* _PROMPT_
Your task is to return, word for word, only the lines from the line with "在了解了愛國衛生運動的歷史背" through the close of the data. Exclude all pictures.

═════ PROVIDED ENTRIES ═════

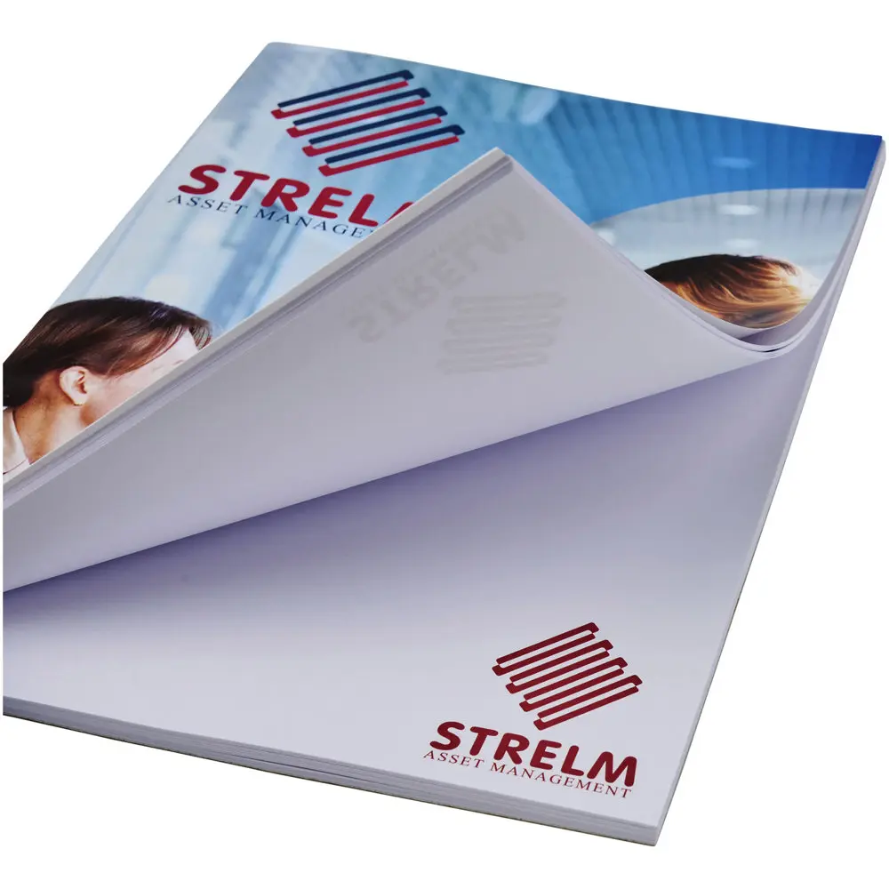 Personnalisez chaque feuille et la couverture avec votre logo pour une visibilité optimale auprès de vos clients. Disponible en trois épaisseurs (25, 50 ou 100 feuilles), il s'adapte à tous vos besoins en cadeaux promotionnels.
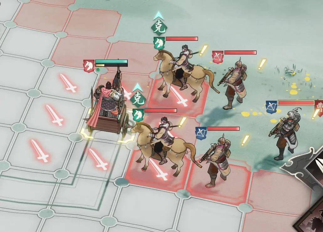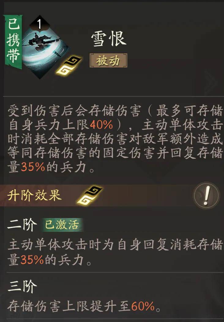 然后第三个技能是需要选择“战车”兵种才能解锁的【雪恨】被动,这个被动可以让夏侯惇在受到伤害时储存伤害,而在下回合主动攻击时就能打出更高的单体伤害,如下图所示我们如果有储存了伤害,则在主动攻击时可以打出两段伤害,且这两段伤害都是可以触发回复效果的,所以【雪恨】这个技能也是蛮符合于夏侯惇特点的一个增伤技能,另外为什么夏侯惇会更推荐走“战车”兵种路线,其还有个核心原因就是这个兵种路线的基础输出范围是九宫格(相当于1圈),而骑兵路线则只有1格,所以毫无疑问战车兵种还能更好的辅助夏侯惇被动反伤的效果。
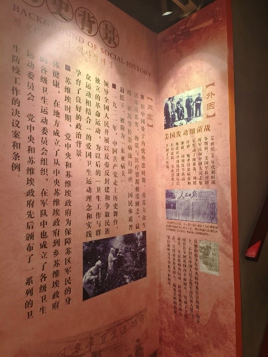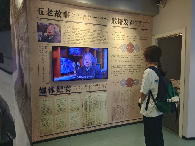 在了解了愛國衛生運動的歷史背景后,實踐隊員參觀了衛生運動的行動措施及革命方針,從“序言、艱苦歷程、往事回憶區、高歌猛進、展望未來”五個展區,憶往昔、展未來,聽五老故事,悟五老精神,深入感受五老村愛國衛生運動的成果和全國影響力。
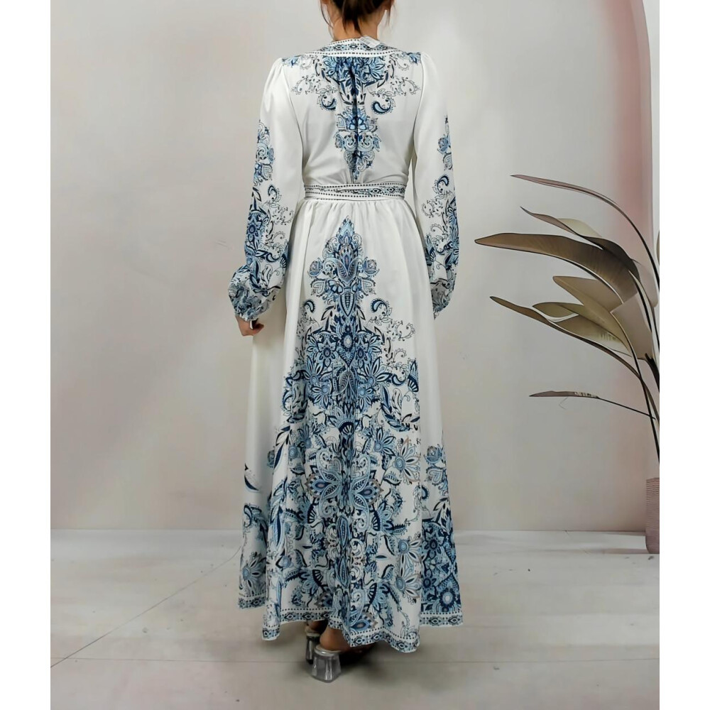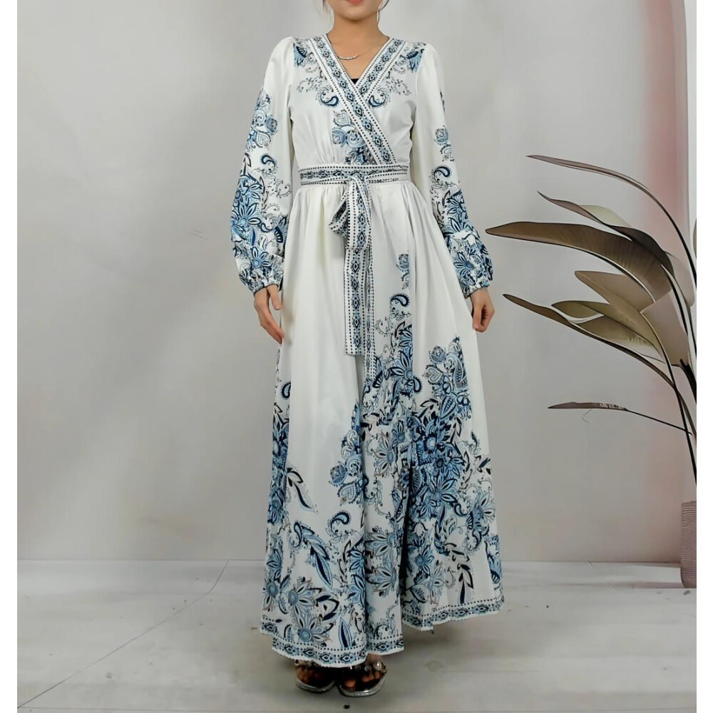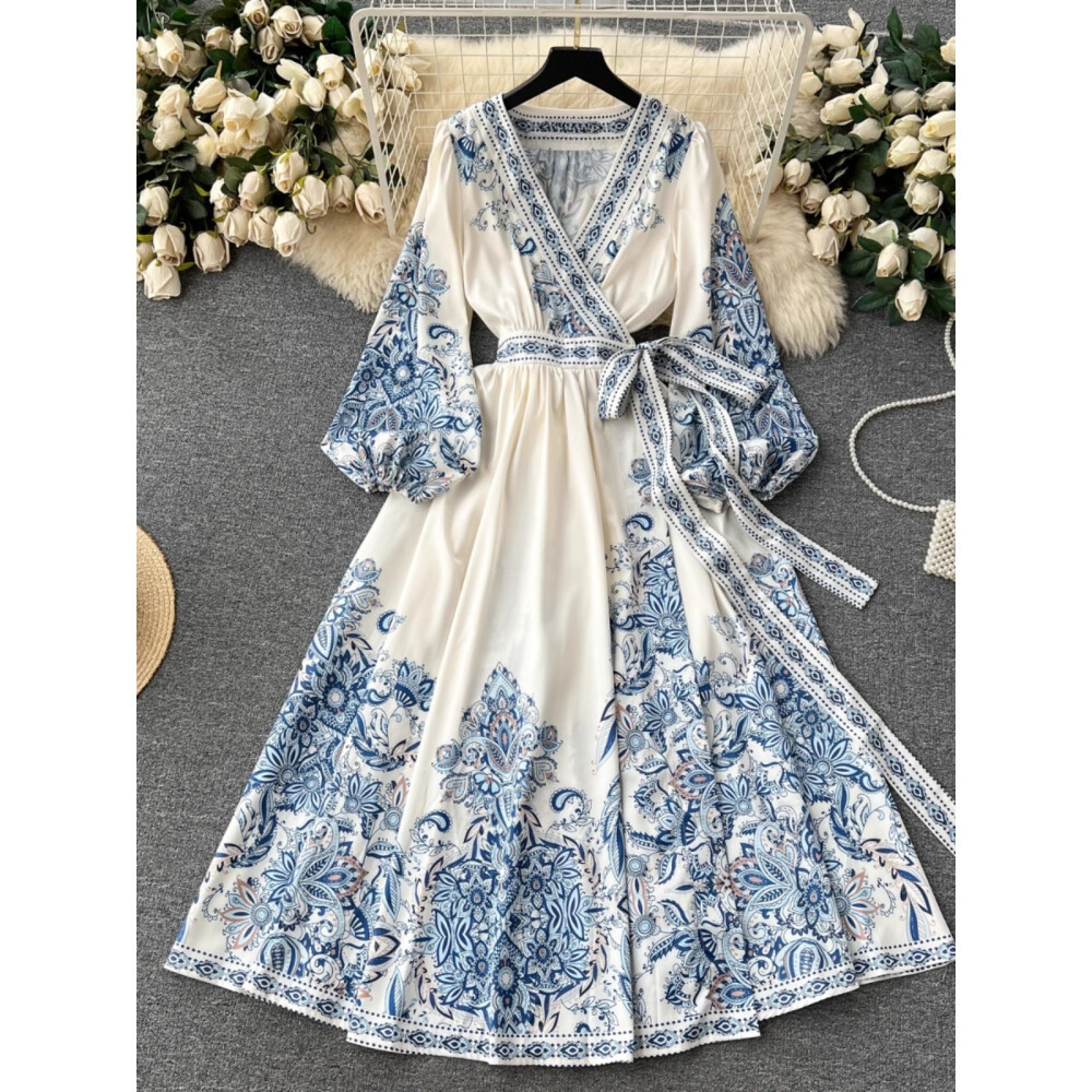 [Star] FADFAD Gaun Rok Panjang Sedang Lengan Panjang Pinggang Bertali Bermotif Gaya Casual
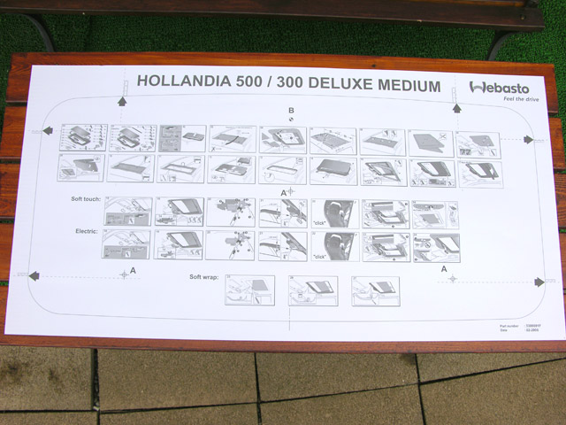 ルーフをカットする時に使う「型紙」に取り付けの説明図が書いてあります。(ちなみに型紙にちらりと書かれているHollandia 500とはHollandia 300を2つ取り付けてツインルーフにするキットで日本では未発売のモデル)
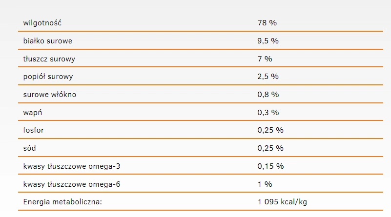 Nutritional additives per 1 kg: vitamin A (3a672a) 800 IU, vitamin D3 (3a671) 200 IU, vitamin E (3a700) 120 mg, taurine (3a370) 800 mg, vitamin B1 (3a821) 1 mg, biotin (3a880) 0.4 mg, zinc (3b606) 10 mg, manganese (3b504) 2.4 mg, iodine (3b201) 0.6 mg, copper (3b406) 3.2 mg, iron (3b106) 8 mg.
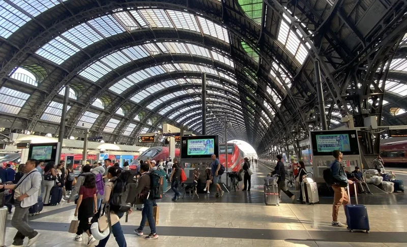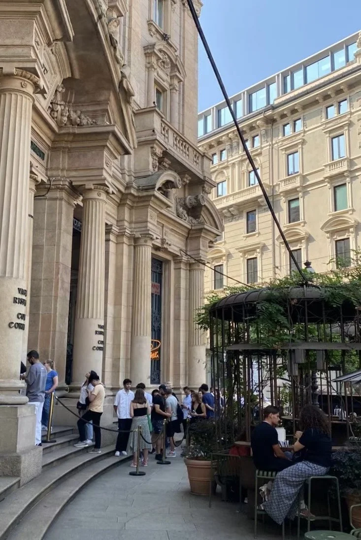 清早起来,离开了La Spezia,前往 Milan,三个半小时后,11点钟来到了热腾腾,闹哄哄的米兰火车站。我们的旅馆离火车站不远,便一路走去。且不管能不能Check- in,至少可以放下行李啊。远远见到米兰大教堂,几步一回头地不住观望。很运气,提前办好了Check- in,坐地铁出去看看。见一个非常漂亮的建筑,门口排着长队,问:什么的干活?答:Starbucks。
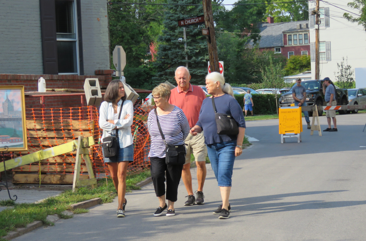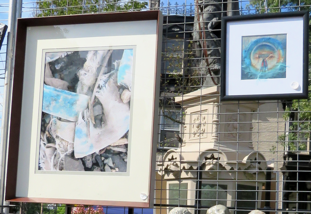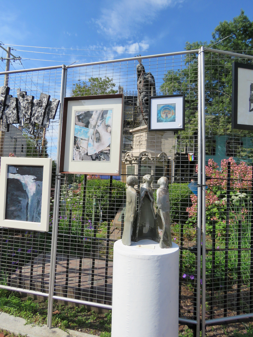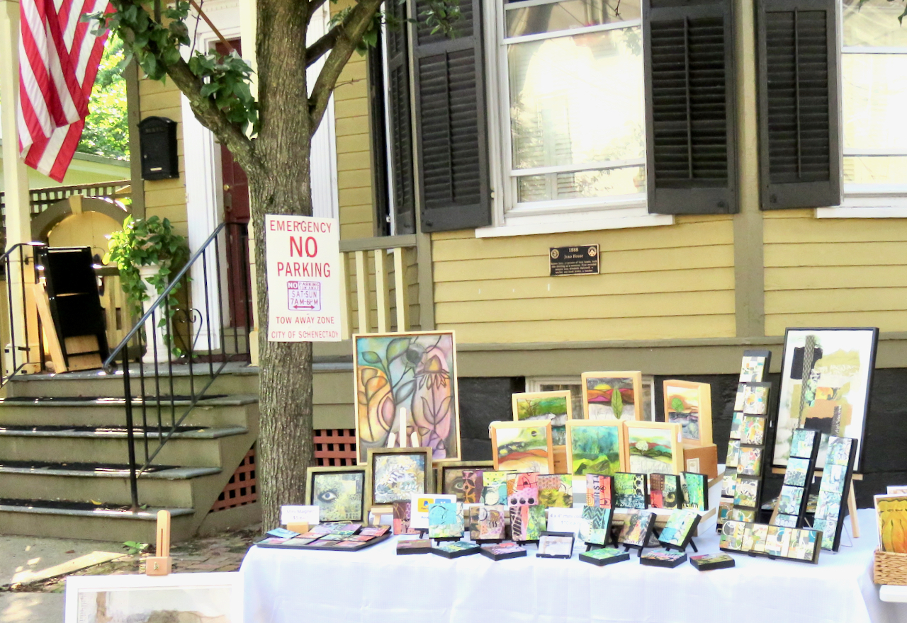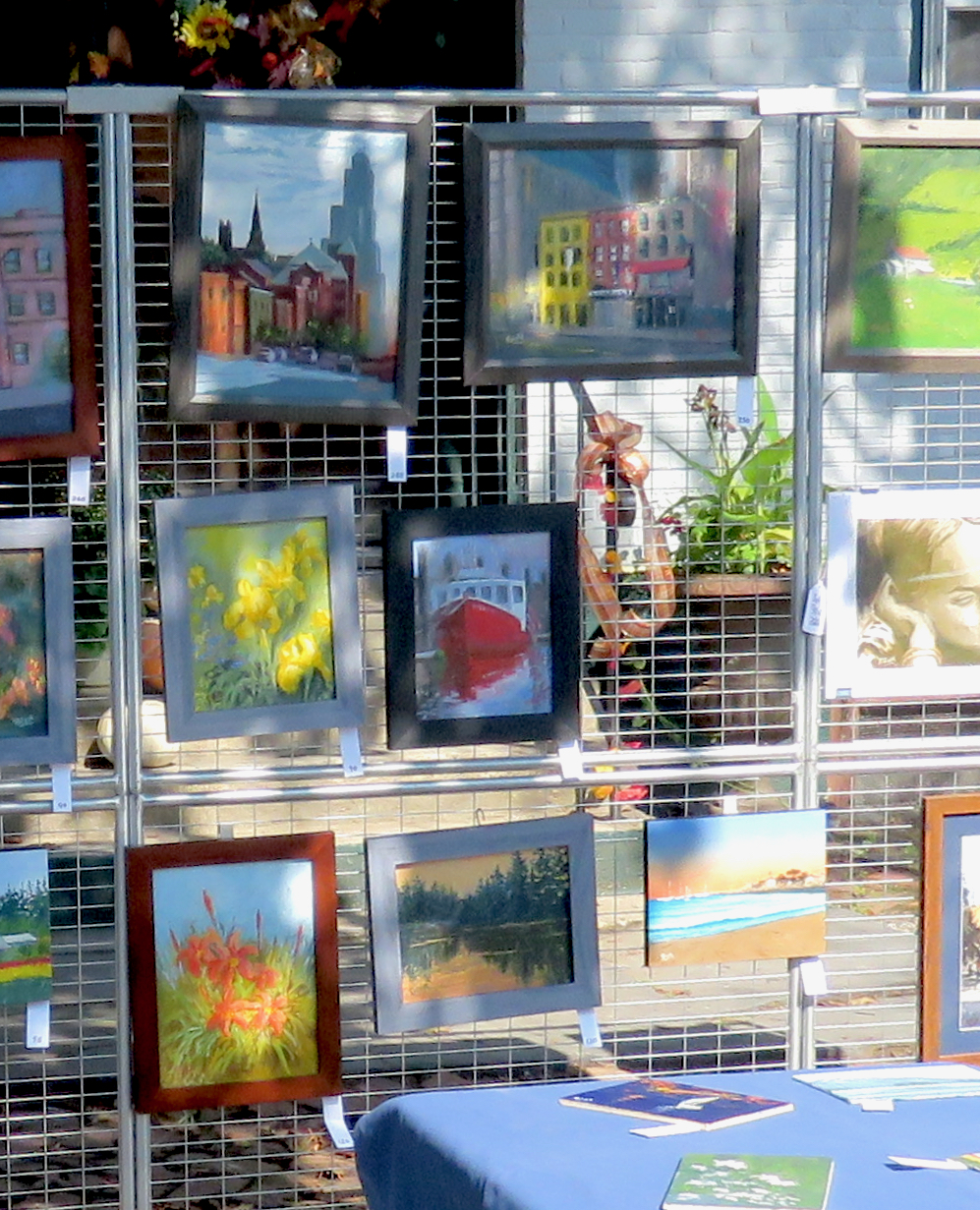My art show stroll always starts on Front Street at North Church St. On the right (south side) there is a long wall bordering the yard of 22 N. Church Street. Most of that stretch has been occupied by Stockade neighbor Bob Laper for many years, but Bob decided to be an art browser rather than exhibitor this year. Also, half of the wall had to be torn down and is in the process of reconstruction.

═════

* _ANSWER TO THIS EXERCISE_
 在了解了愛國衛生運動的歷史背景后,實踐隊員參觀了衛生運動的行動措施及革命方針,從“序言、艱苦歷程、往事回憶區、高歌猛進、展望未來”五個展區,憶往昔、展未來,聽五老故事,悟五老精神,深入感受五老村愛國衛生運動的成果和全國影響力。
 [Star] FADFAD Gaun Rok Panjang Sedang Lengan Panjang Pinggang Bertali Bermotif Gaya Casual
 ルーフをカットする時に使う「型紙」に取り付けの説明図が書いてあります。(ちなみに型紙にちらりと書かれているHollandia 500とはHollandia 300を2つ取り付けてツインルーフにするキットで日本では未発売のモデル)
 Nutritional additives per 1 kg: vitamin A (3a672a) 800 IU, vitamin D3 (3a671) 200 IU, vitamin E (3a700) 120 mg, taurine (3a370) 800 mg, vitamin B1 (3a821) 1 mg, biotin (3a880) 0.4 mg, zinc (3b606) 10 mg, manganese (3b504) 2.4 mg, iodine (3b201) 0.6 mg, copper (3b406) 3.2 mg, iron (3b106) 8 mg.
 清早起来,离开了La Spezia,前往 Milan,三个半小时后,11点钟来到了热腾腾,闹哄哄的米兰火车站。我们的旅馆离火车站不远,便一路走去。且不管能不能Check- in,至少可以放下行李啊。远远见到米兰大教堂,几步一回头地不住观望。很运气,提前办好了Check- in,坐地铁出去看看。见一个非常漂亮的建筑,门口排着长队,问:什么的干活?答:Starbucks。
My art show stroll always starts on Front Street at North Church St. On the right (south side) there is a long wall bordering the yard of 22 N. Church Street. Most of that stretch has been occupied by Stockade neighbor Bob Laper for many years, but Bob decided to be an art browser rather than exhibitor this year. Also, half of the wall had to be torn down and is in the process of reconstruction.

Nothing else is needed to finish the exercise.